The English! Their whole religion, their entire culture, is nothing but a series of charming particularities. On what grounds does Henry VIII cut himself off from Christendom? What right does he have to lead The Church in and of England? Well, you have it there in Blake. It is because perhaps Christ maybe turned up at Glastonbury, possibly with his uncle, at some point in the completely unknown period between the Disputation and his baptism, thereby making it not 100% impossible that Christ founded a church in England, before starting his public ministry. Who knows? And did those? And did the? This is quintessential Englishness: say something insane but add a question mark.
Let us have a Queen, but let her be a Queen who has no power, because that’s more sensible. But also, make her robes and crown as grand as possible, because life has to be lived after all, but let’s very seldom get the Queen to wear them, because that wouldn’t be practical.
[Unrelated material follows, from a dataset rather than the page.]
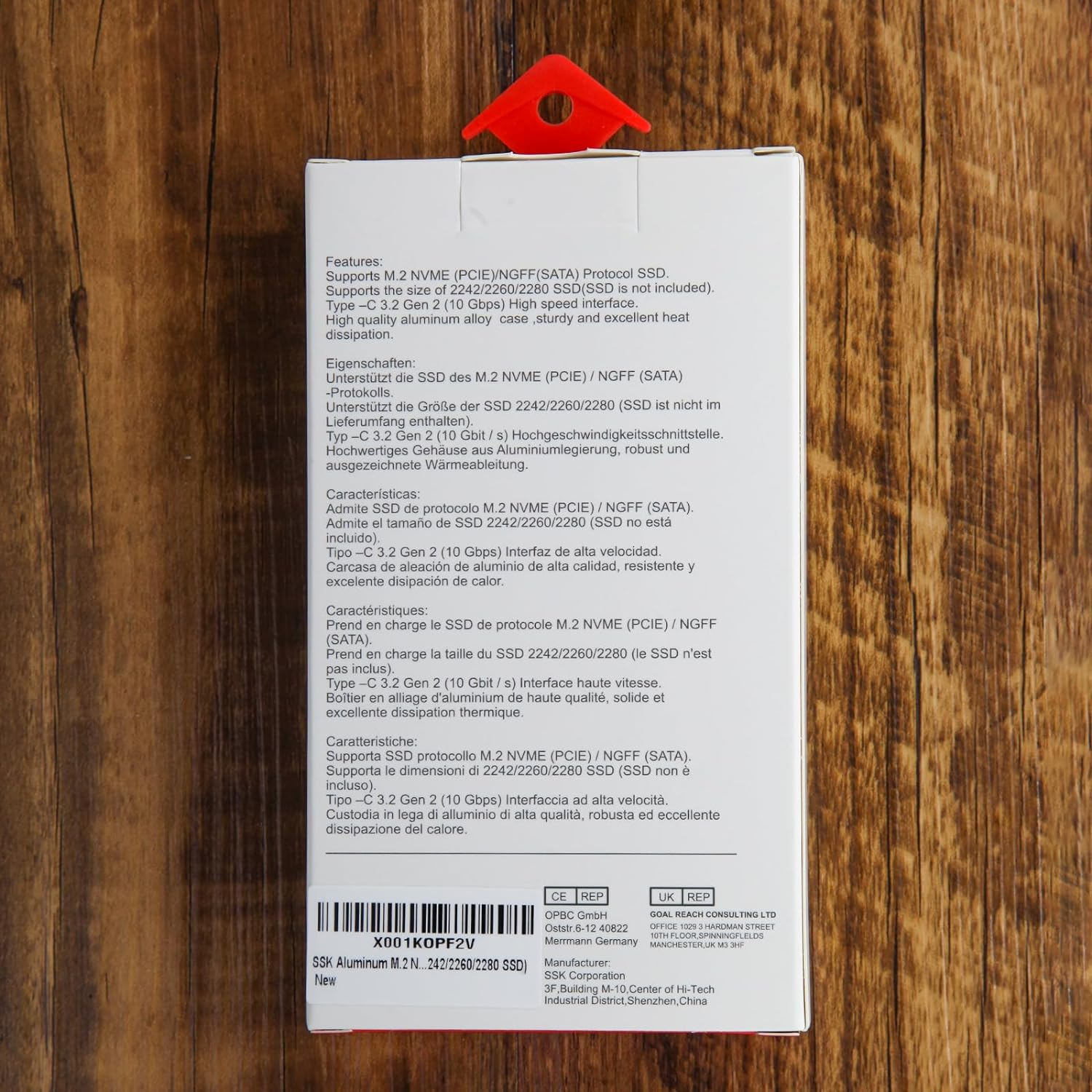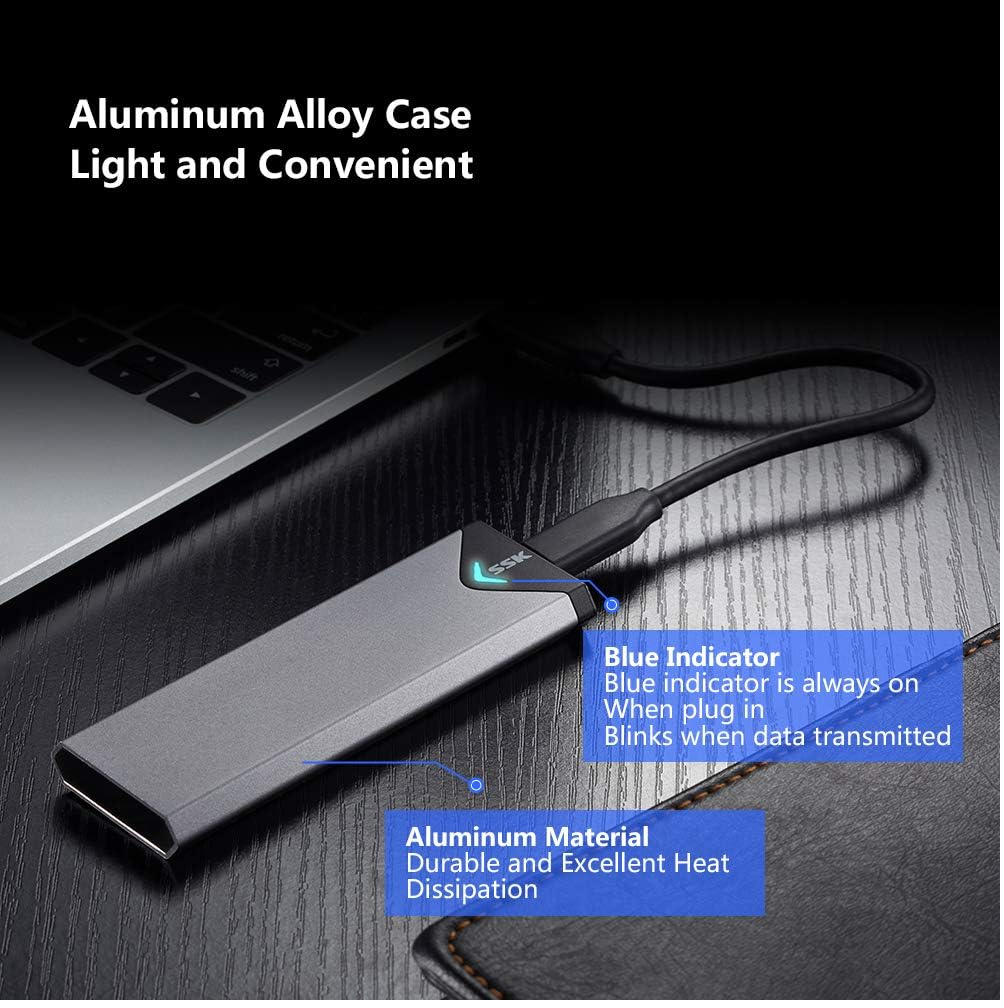SSK Aluminum M.2 NVME SATA SSD Enclosure Adapter - USB 3.2 Gen 2 (10 Gbps) to NVME PCI-E SATA M-Key (B+M)

And let us have sport, because sport is exciting, but let’s only have cricket and soccer, the most sterile and protracted sports conceivable, so that nobody get’s too carried away. But also, let’s get utterly carried away by getting massively drunk while monstrous hoodlums in football regalia beat each other to death in the street.
Let us say the most dirty and foul things about sex and defecation. But also, let’s develop a fiendishly complicated system of euphemisms and sarcasm so that nobody ever actually says what they mean on this haunting and unusual island.
Let us champion of liberty and reasonableness, and have sixty seven CCTV cameras for every one person. And the name of the show is Dr. Who, but the character's name isn't Dr. Who, the character's name is 'The Doctor’.
And when those foreigners get it wrong, when they have no Queen, or a Queen with power, or no interest in sport, or interest in exciting sports, or say something dirty, or abstain from saying something dirty, or abolish liberty, or allow for liberty, or call him Dr. Who, who knows, maybe that will make us feel important again? And did those? And did the?